■ Data for this task
# # # # #

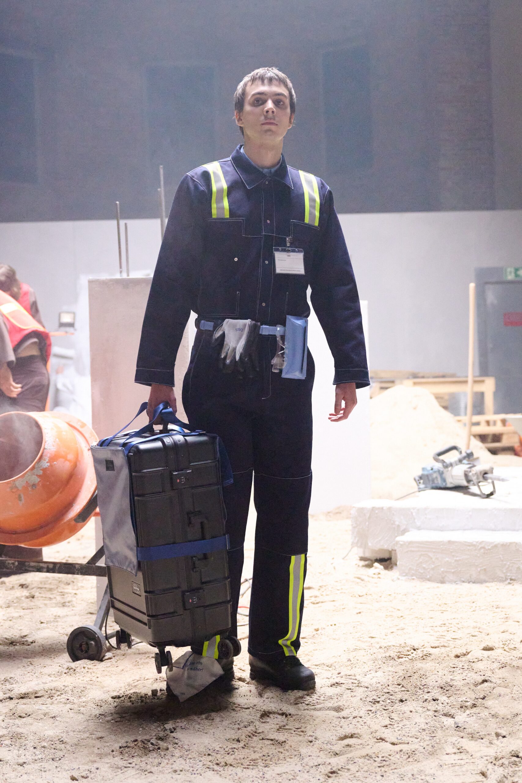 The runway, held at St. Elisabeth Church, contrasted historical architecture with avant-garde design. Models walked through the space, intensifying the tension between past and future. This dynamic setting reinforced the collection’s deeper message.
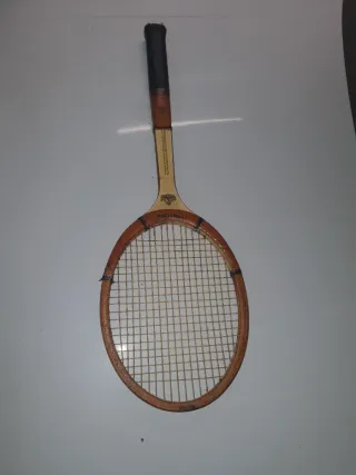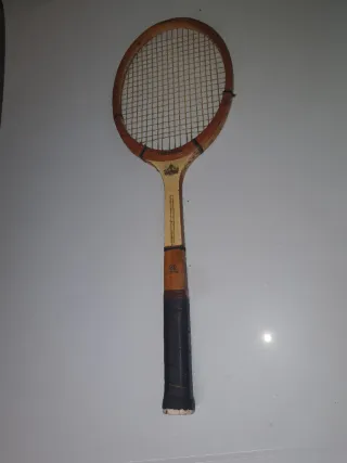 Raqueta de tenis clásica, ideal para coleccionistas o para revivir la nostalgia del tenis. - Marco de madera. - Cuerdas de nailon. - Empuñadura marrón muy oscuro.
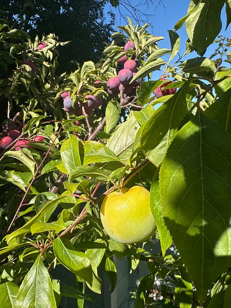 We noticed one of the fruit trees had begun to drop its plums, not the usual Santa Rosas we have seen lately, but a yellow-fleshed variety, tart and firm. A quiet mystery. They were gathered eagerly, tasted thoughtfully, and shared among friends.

# # # # #

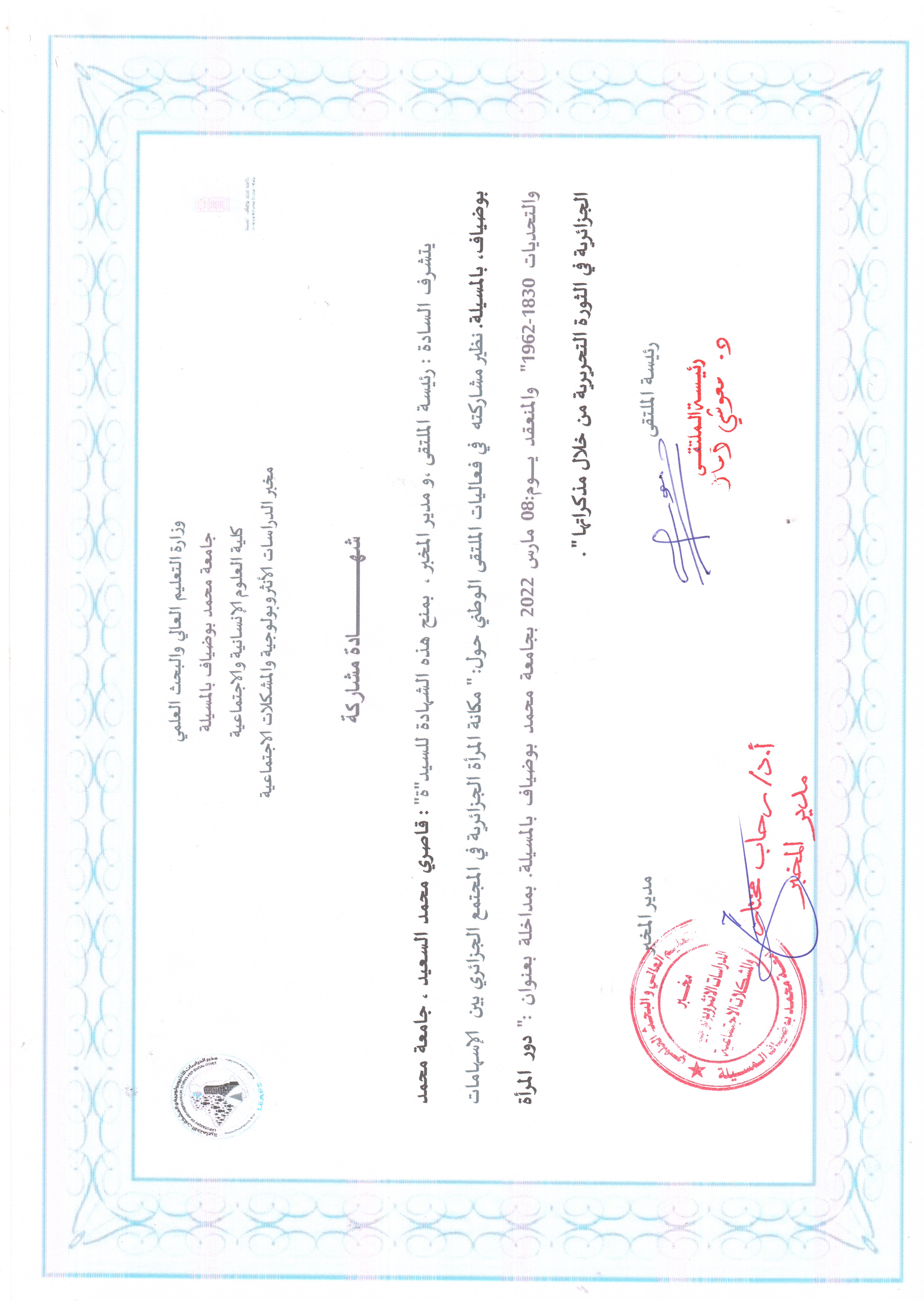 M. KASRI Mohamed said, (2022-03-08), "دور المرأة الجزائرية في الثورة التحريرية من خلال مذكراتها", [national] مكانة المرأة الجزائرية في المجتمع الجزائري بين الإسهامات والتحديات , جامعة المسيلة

# # # # #

■ What to produce
Above this task is a listing with pictures in it. Retype only the lines from the one containing "Raqueta de tenis" through the one containing "We noticed one", both included, and not the pictures.

■ Solution for this task
 Raqueta de tenis clásica, ideal para coleccionistas o para revivir la nostalgia del tenis. - Marco de madera. - Cuerdas de nailon. - Empuñadura marrón muy oscuro.
 We noticed one of the fruit trees had begun to drop its plums, not the usual Santa Rosas we have seen lately, but a yellow-fleshed variety, tart and firm. A quiet mystery. They were gathered eagerly, tasted thoughtfully, and shared among friends.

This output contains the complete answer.